Hahn, Costenbader, and colleagues did not report any adverse event data but they point out that adherence to the trial regimen, defined as the percentage of participants who took at least two thirds of the given trial capsules, averaged 81%.
Blood samples at one year showed a mean increase in 25-OHD of 40% (from 29.8 ng/ml at baseline to 41.8 ng/ml at one year) in a subset of vitamin D patients, but minimal change in those on placebo, The mean omega-3 index increased by 54.7% in the omega-3 cohort, but changed by less than 2% in the placebo group.
The data showed an aggregate 40% drop in incidence of rheumatoid arthritis in subjects taking vitamin D, omega-3s, or both, compared with those taking placebos.
VITAL is not the first study to look at the potential of vitamin D or omega-3s to reduce autoimmune disease. But it is by far the largest and most definitive to date, giving the new findings considerable weight.

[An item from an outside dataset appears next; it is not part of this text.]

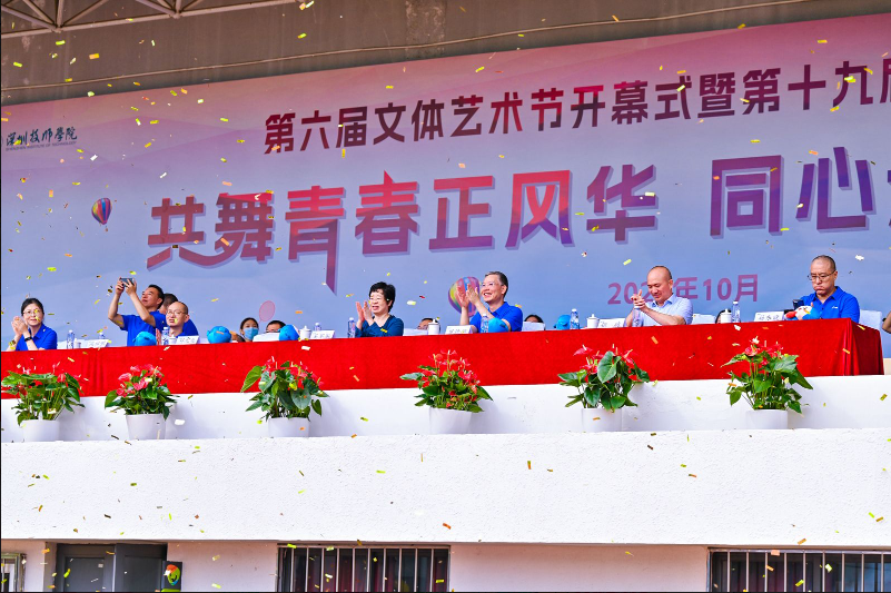 10月26日上午,深圳技师学院第六届文体艺术节暨第十九届田径运动会惊艳开幕!市人力资源保障局党组成员、副局长吴军军出席开幕式并宣布开幕,深圳技师学院在家校领导、各部门负责人及师生代表近2000人在现场参加开幕式有关活动。校党委副书记、校长邓元龙主持开幕式,校党委书记罗德超致开幕词。为期一个多月的文体艺术节包含体育竞技、文化艺术、社团文化、高雅艺术进校园等丰富多彩、亮点纷呈的活动内容。

Prior observational studies of vitamin D have given conflicting results in terms of preventive impact (Altieri B et al, Rev Endocr Metab Disord, 2017. Murdaca G, et al. Autoimmun Rev. 2019). Small treatment trials of vitamin D in people with established autoimmune conditions have been disappointing (Giustina A, et al. Rev Endocr Metab Disord. 2020).
There are a number of randomized controlled trials suggesting that omega-3s have therapeutic benefits for people with rheumatoid arthritis, systemic lupus erythematosus, and psoriasis (Akbar U, et al. J Clin Rheumatol. 2017). But there are no intervention trials showing that omega-3 supplements can prevent autoimmune disease.
Danish researchers showed a 49% reduction in rheumatoid arthritis risk for each 30 g increase in daily fatty fish intake (Pedersen M, et al. J Rheumatol. 2005). But it is not possible to draw conclusions about supplementation from data about fish consumption.
Major Clinical Significance
The VITAL authors hold that their autoimmune findings have clinical as well as statistical significance, especially given the limitations of conventional pharmaceutical treatments for most, if not all of the major autoimmune diseases.
“The clinical importance of these findings is high because these are well tolerated, non-toxic supplements, and other effective treatments to reduce the incidence of autoimmune diseases are lacking. Additionally, we saw consistent results across autoimmune diseases and increasing effects with time.”
The study’s large and diverse sample size, its clearly defined endpoints, and high adherence rate all give the evidence notable strength. But it does have an important limitation: because participants were all over age 50, the observations of benefit may not be wholly applicable to autoimmune diseases that tend to arise in younger people.
The VITAL team is continuing to follow many of the patients as part of an extension study looking at the longer term process of autoimmune disease development, and its possible prevention. Future reports will likely shed more light on the potential role for vitamin D and omega-3s in the prevention of autoimmune conditions.